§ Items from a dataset

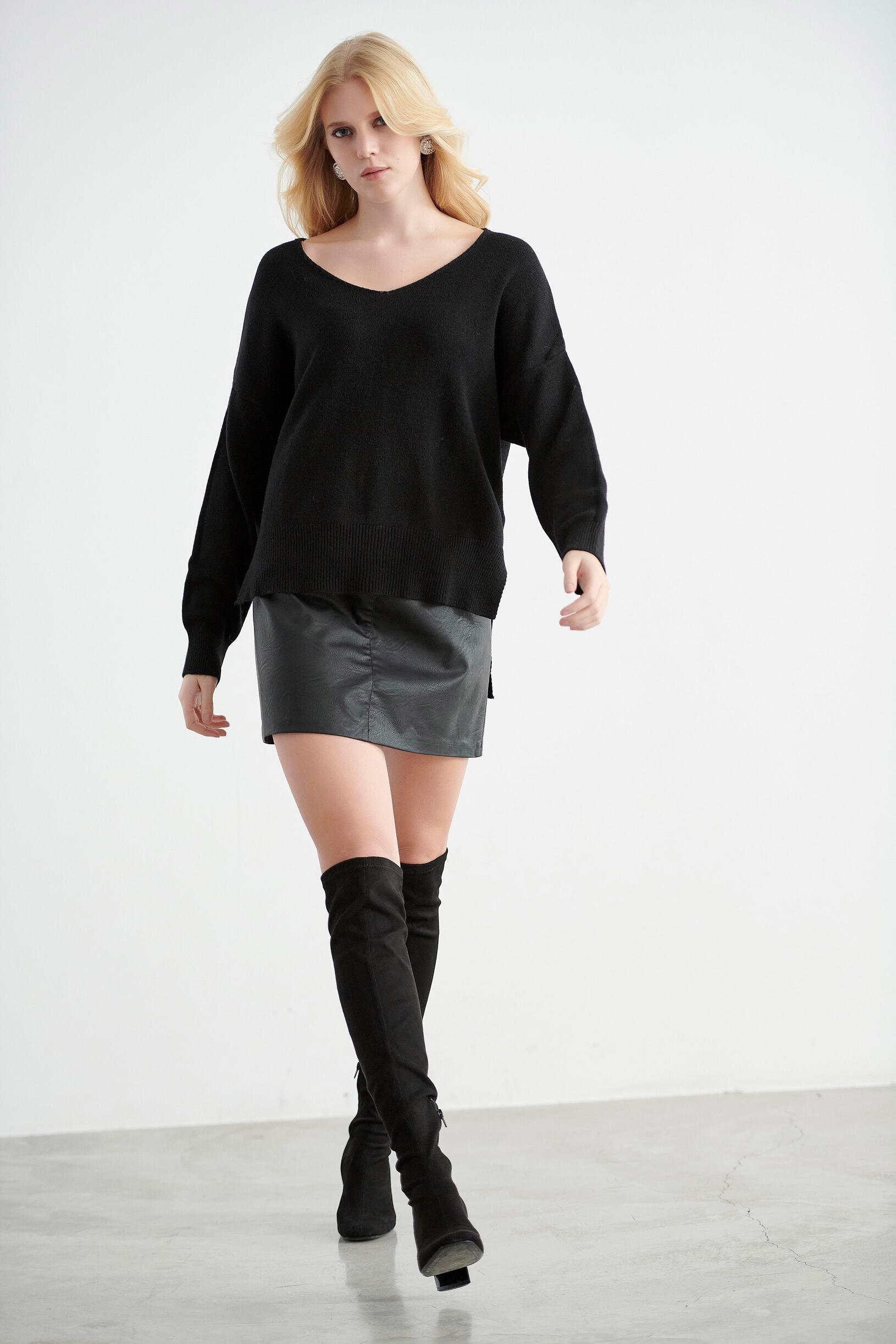 Knitted blouse with V neckline. It has a clear asymmetry with a longer back, rip details on the cuffs and the finish and a small tear on the side. Choose it for stylish everyday looks.
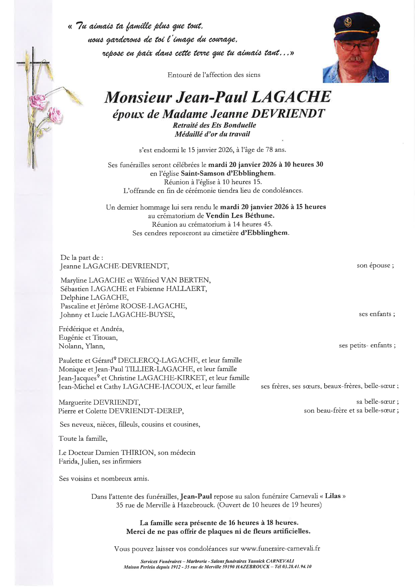Died in Lomme (59160, France) on 15 January 2026 at the age of 78 years
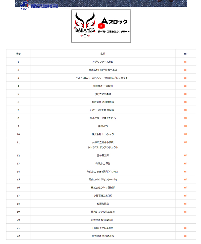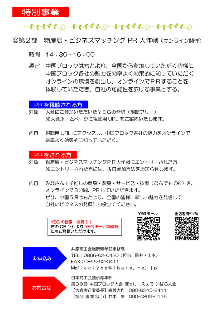 未分類 18Oct2021 井原YEG 物産展・ビジネスマッチング PR 大作戦(オンライン開催) ブロック:中国ブロックYEG 道府県連:岡山県連 単会名:井原YEG 事業名称:物産展・ビジネスマッチング PR 大作戦(オンライン開催) 開催日時:10月16日 14:30~16:00 開催場所:井原市地場産業振興センター 開催目的・内容:中国ブロックはもとより、全国から参加していただく皆様に中国ブロック各社の魅力を効率よく効果的に知っていただくオンラインの環境を創出し、オンラインでPRすることを体験していただき、自社の可能性を広げる事業とする。 未分類 彦根YEG Hikone Work Academy 善通寺YEG 乃木うどん復活事業 関連記事一覧 村上YEG いいねっか村上2021 徳島YEG 『徳島YEGのあきないラジオ』のご紹介! 明石YEG 第二回 あかしおしごとキッズ 流山YEG VR流山産業博 府中YEG HAPPY SUNDAY MAEKET 伊予YEG YEGの絆 in Zoom ~災害連携グループ情報交換会~
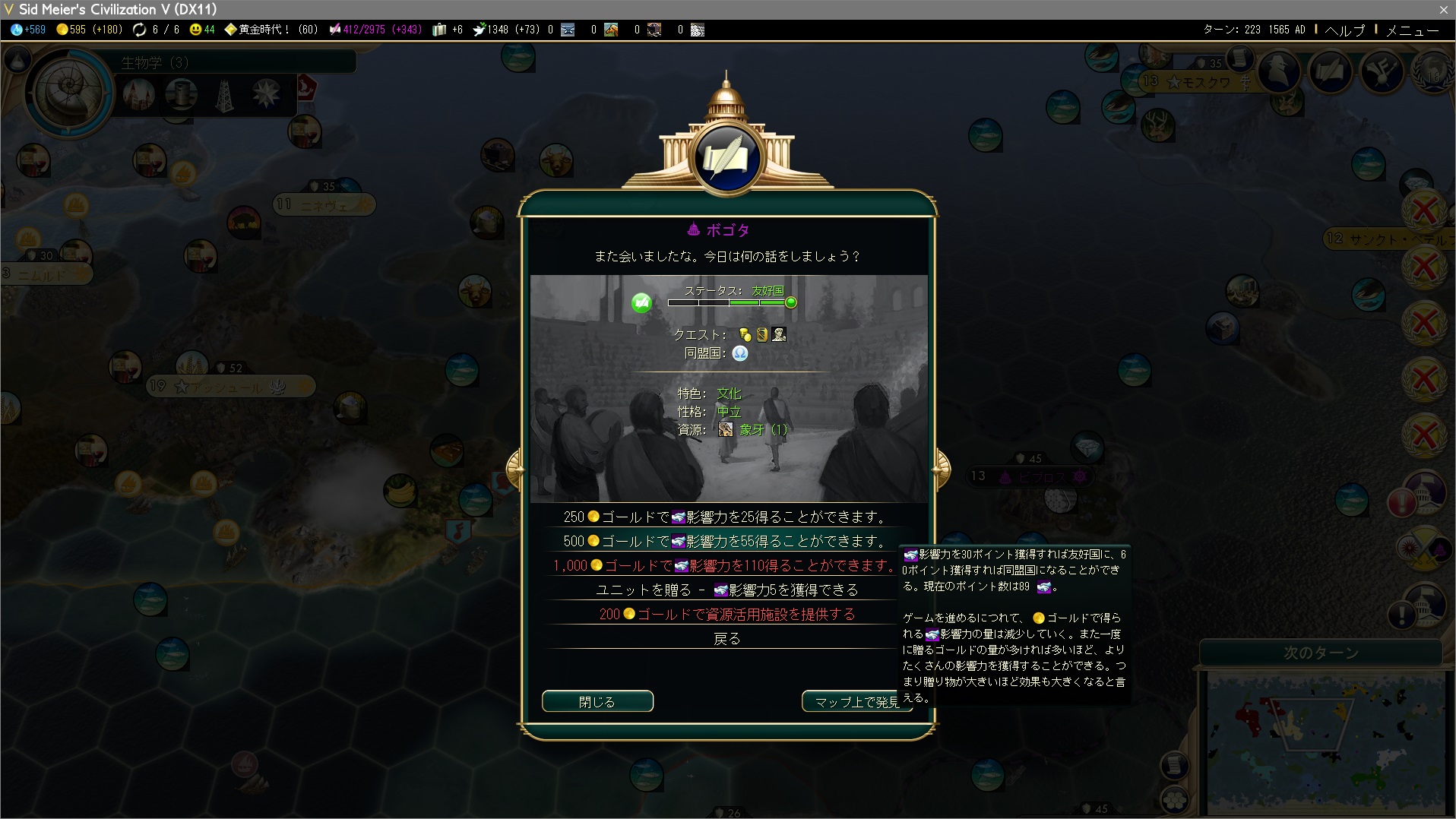 都市国家画面の[同盟国:]のアイコンにマウスカーソルを当てることで、影響力の差が確認できます。ギリシャUAも考慮しつつ、しばらく同盟を奪われないようにゴールドを支払う。
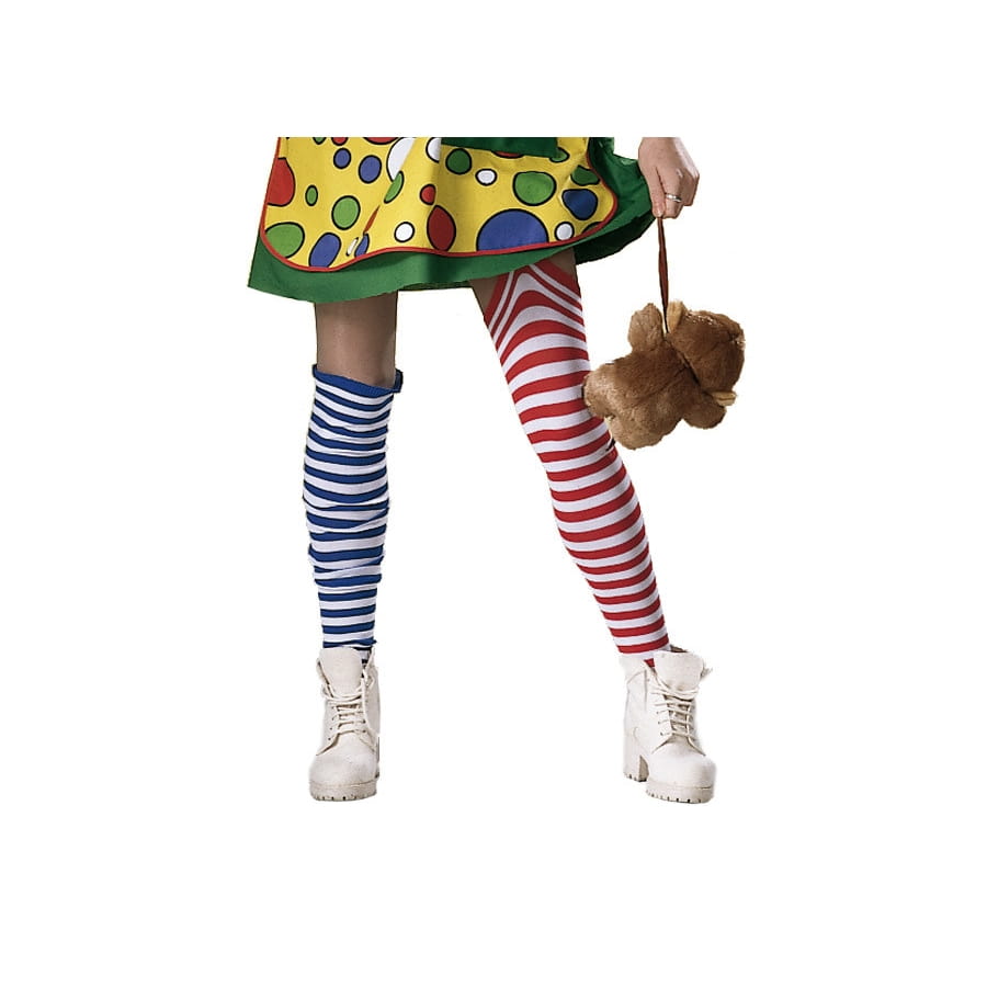Nos chaussettes rayées dépareillées de femme clown accessoiriseront à merveille votre tenue de clown.
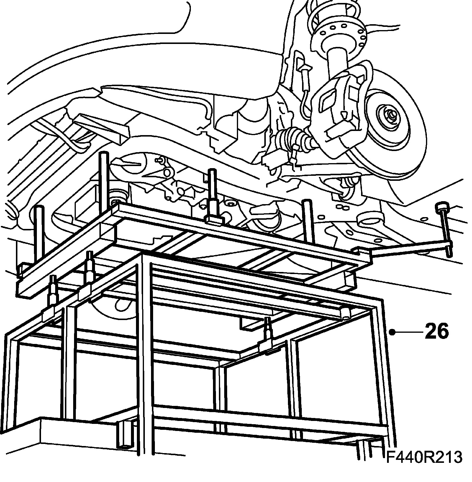 26. Place 83 95 311 Trolley lift under the vehicle. Fit 83 94 801 Parent fixture, 83 95 188 Basic fixture, 83 95 170 Adapter (4 pcs) and 83 96 137 centering tool, subframe - body.
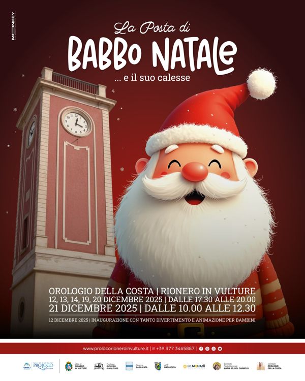 - Dalle 18:00 – Il Borgo Incantato (Rione Costa) con la Posta di Babbo Natale per spedire i vostri desideri e i suggestivi Mercatini di Natale.
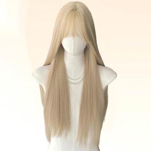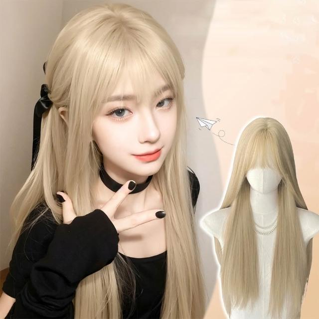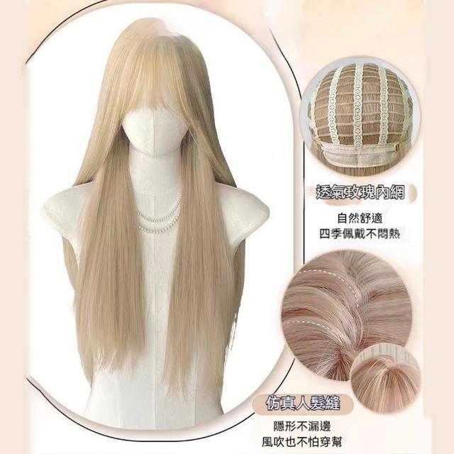 MoonDy女生假髮 模擬真髮 假髮套 COS用假髮 透氣 自然 假髮 金色假髮 長直髮 全頭套式 彌海砂同款

§ How to complete this task
Transcribe all of the lines above exactly as given. The pictures stay out.

§ Solved problem
 Knitted blouse with V neckline. It has a clear asymmetry with a longer back, rip details on the cuffs and the finish and a small tear on the side. Choose it for stylish everyday looks.
Died in Lomme (59160, France) on 15 January 2026 at the age of 78 years
 未分類 18Oct2021 井原YEG 物産展・ビジネスマッチング PR 大作戦(オンライン開催) ブロック:中国ブロックYEG 道府県連:岡山県連 単会名:井原YEG 事業名称:物産展・ビジネスマッチング PR 大作戦(オンライン開催) 開催日時:10月16日 14:30~16:00 開催場所:井原市地場産業振興センター 開催目的・内容:中国ブロックはもとより、全国から参加していただく皆様に中国ブロック各社の魅力を効率よく効果的に知っていただくオンラインの環境を創出し、オンラインでPRすることを体験していただき、自社の可能性を広げる事業とする。 未分類 彦根YEG Hikone Work Academy 善通寺YEG 乃木うどん復活事業 関連記事一覧 村上YEG いいねっか村上2021 徳島YEG 『徳島YEGのあきないラジオ』のご紹介! 明石YEG 第二回 あかしおしごとキッズ 流山YEG VR流山産業博 府中YEG HAPPY SUNDAY MAEKET 伊予YEG YEGの絆 in Zoom ~災害連携グループ情報交換会~
 都市国家画面の[同盟国:]のアイコンにマウスカーソルを当てることで、影響力の差が確認できます。ギリシャUAも考慮しつつ、しばらく同盟を奪われないようにゴールドを支払う。
Nos chaussettes rayées dépareillées de femme clown accessoiriseront à merveille votre tenue de clown.
 26. Place 83 95 311 Trolley lift under the vehicle. Fit 83 94 801 Parent fixture, 83 95 188 Basic fixture, 83 95 170 Adapter (4 pcs) and 83 96 137 centering tool, subframe - body.
 - Dalle 18:00 – Il Borgo Incantato (Rione Costa) con la Posta di Babbo Natale per spedire i vostri desideri e i suggestivi Mercatini di Natale.
 MoonDy女生假髮 模擬真髮 假髮套 COS用假髮 透氣 自然 假髮 金色假髮 長直髮 全頭套式 彌海砂同款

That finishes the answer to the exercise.